Contrairement à la salariée qui considère que les motifs énoncés avaient déjà été pris en compte à l’occasion d’une précédente sanction disciplinaire prononcée le 16 avril 2011 par la lettre qui lui avait été remise le même jour, dont elle considère qu’il s’agissait de la notification d’une sanction au sens de l’article L.1331-1 du Code du Travail, la Cour d’Appel va considérer que le document intitulé « compte rendu d’entretien », s’il répond à la condition de fond et de forme posée par l’article L.1131-1 du Code du Travail, puisqu’il s’agit d’un écrit comportant des observations relatives à des comportements dont l’employeur lui faisait reproche, ne s’analysait cependant nullement en une mesure disciplinaire traduisant la volonté réelle de ce dernier de sanctionner un fait fautif, mais bien, comme son intitulé l’indiquait, en un compte rendu d’un entretien au cours duquel l’employeur avait énuméré divers griefs et insuffisances qu’il imputait à la salariée, ce qui n’avait pas eu pour effet d’épuiser le pouvoir disciplinaire de la société quant aux faits reprochés.

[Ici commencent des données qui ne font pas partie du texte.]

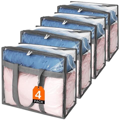 Set 4 Sacchetti Trasparenti In Pvc 45x38x23 Cm Con Cerniere E Manici Rinforzati

Par ailleurs, sur la qualification de la faute grave des problèmes liés à la communication relevés à l’encontre de la salariée, la Cour va relever que la salariée qui entretenait avec plusieurs de ses collègues des relations discourtoises et inadaptées qui ont eu pour effet, soit de troubler ces derniers, soit, en ce qui concerne l’une des salariées placées sous ses ordres, de porter atteinte à sa dignité et finalement à sa santé psychique, la Cour relevant que l’employeur est tenu à l’égard de ses salariés d’une obligations de sécurité de résultat, était fondé à prononcer le licenciement pour faute grave de la salariée, les griefs retenus et établis par l’employeur justifiant de la rupture immédiate du contrat de travail.

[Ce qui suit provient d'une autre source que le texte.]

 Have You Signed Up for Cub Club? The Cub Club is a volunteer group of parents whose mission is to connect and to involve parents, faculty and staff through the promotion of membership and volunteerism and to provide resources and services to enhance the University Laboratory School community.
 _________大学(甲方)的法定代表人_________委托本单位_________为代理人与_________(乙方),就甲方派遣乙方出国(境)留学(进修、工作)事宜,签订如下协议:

Ensuite de cette décision, la salariée forme un pourvoi en Cassation.
A l’appui de son pourvoi, elle reproche à l’Arrêt d’Appel d’avoir considéré que le courrier du 16 avril 2011 ne constituait pas une sanction, alors qu’il constatait que dans cet écrit l’employeur reprochait à la salariée son comportement en énumérant divers griefs qu’il lui imputaient, ce dont il résultait, selon la salariée, qu’il lui imputait des fautes et qu’en conséquence ce courrier constituait une sanction au sens de l’article L.1331-1 du Code du Travail.
Elle reproche également à l’Arrêt d’Appel d’avoir admis que l’employeur pouvait se fonder sur ledit compte rendu du 16 avril 2011 pour engager la procédure de licenciement et faire état, à l’appui du licenciement pour faute grave, des faits qui avaient déjà été évoqués dans le courrier du 16 avril 2011 et qu’il considérait comme fautifs, de sorte, qu’en faisant deux fois état des mêmes faits, l’Arrêt a entaché sa décision d’un défaut de base légale, au regard des dispositions de l’article L.1331-1 du Code du Travail.
Mais la Chambre Sociale ne va pas suivre la salariée dans son argumentation.
Relevant que le document rédigé par l’employeur n’est qu’un compte rendu d’un entretien au cours duquel il a été énuméré divers griefs et insuffisances qu’il imputait à la salariée sans traduire une volonté de sa part de les sanctionner, la Cour d’Appel a pu en déduire qu’il ne s’analysait pas en une mesure disciplinaire et n’avait donc pas eu pour effet d’épuiser le pouvoir disciplinaire de l’employeur.
Par suite, la Chambre Sociale rejette le pourvoi.